極論だと言われるかもしれないが、この世の中には「魅力のあるもの」と「そうでないもの」の二つしか存在しないと私は思う。例えば、「好き」「そうではない」、「興味がある」「そうではない」、「メリットがある」「そうは思えない」etc…。以上の例のなかで「好き」「興味がある」「メリットがある」はいずれも個人にとって心地よいものであり、「魅力的なもの」の範疇に入る。ただし「どちらでもない」は、「そうではない」に含まれる。

では、魅力のある広報物とはどういうものかを考えてみよう。

個人にとって魅力ある広報物のベースとなるのは次の三点だと考えられる。

一 興味がもてる内容であること

二 印象がよい

三 メリットがある

では、この三つについて、行政広報に絞り込んで考察してみたい。

 

●輿味がもてる内容

ライフスタイルや嗜好が多様化している現代社会において、個人が抱く興味の対象も千差万別である。しかし、自己の必要としている情報や関係のあるニュースなどについては、誰もがほぼ例外なく関心を示すと考えられる。

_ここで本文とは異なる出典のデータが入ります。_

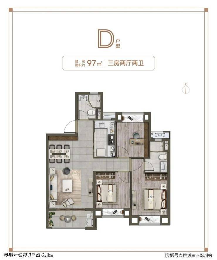 实话讲现在的户型都大同小异,户型图一贴您自己也能看得懂。但项目这个建面约97㎡3房只有去现场体会,才知道它的好。

行政の広報には、全住民を対象としたものもあれば、お年寄りや乳幼児を持つ母親、青少年というように特定の人々を対象に考えているものなど様々である。広報物に興味を持ってもらうには、その情報を必要としている人、情報内容に関係のある人の関心をひく媒体であることが不可欠だ。

そのためには、まず、情報の発信先、つまり「ターゲット」がどういう人々かを認識する必要がある。そしてターゲットが確定すれば、どのようなスタイルで情報を発信するのが効果的なのかを探っていかなければならない。この作業が、実は最も重要な「編集方針」に繋がってゆくのだが、ここで要となるのが前述の広聴活動なのだ。

情報の受け手であるターゲットの年齢やライフスタイル、嗜好などを分析してゆけば、切り口をはじめ文章表現、活字の大きさや文字量、イラストや写真などのビジュアル面をどう工夫すれば魅力的な媒体になるかが見えてくる。このリサーチがまさに広聴活動なのだ。そしてターゲットに合わせて考え抜かれた表現方法が「編集方針」となるのである。

しかし、工夫を凝らしてつくられた広報物も、相手にきちんとデリバリーされなければ話にならない。ターゲットに個別に配布するというのが理想だが、諸事情により、そうもいかない場合が多い。しかし、定地配布(決められた場所に広報物を一定期間置き、自由に取ってもらう)するとしても、インフォメーションセンター的な場所に置くだけではなく、ターゲットが立ち寄る可能性の高い場所を選んで置くだけで効果は上がるはずだ。

例えば、乳幼児をもつ母親に知らせたい場合は、保育園や児童館に置き、保健所などでの定期検診等の際に配ってみる。保健婦による家庭訪問の機会があれば、持参してもらえばよいだろう。「これ、ためになりますよ」の一言で、関心は高まるものだ。

苦労して作ったパンフレット類も役所の奥のカウンターの上やラックに置いたままでは、決して有効活用はされない。

 

●印象をよくするためには

人間は中身で勝負だが、印刷物の場合は外見が何より大切だ。見た瞬間に相手の心を動かし、思わず手に取ってみたくなるような印刷物をつくるために、企業はデザイナーやコピーライター、カメラマンに多額のギャラを支払い、タレントやアニメなどのキャラクターの力を借りるなど努力を続けている。

現代に生きる私達は、雑誌や広告を通して美しい写真や洒落たレイアウトの印刷物などに見慣れている。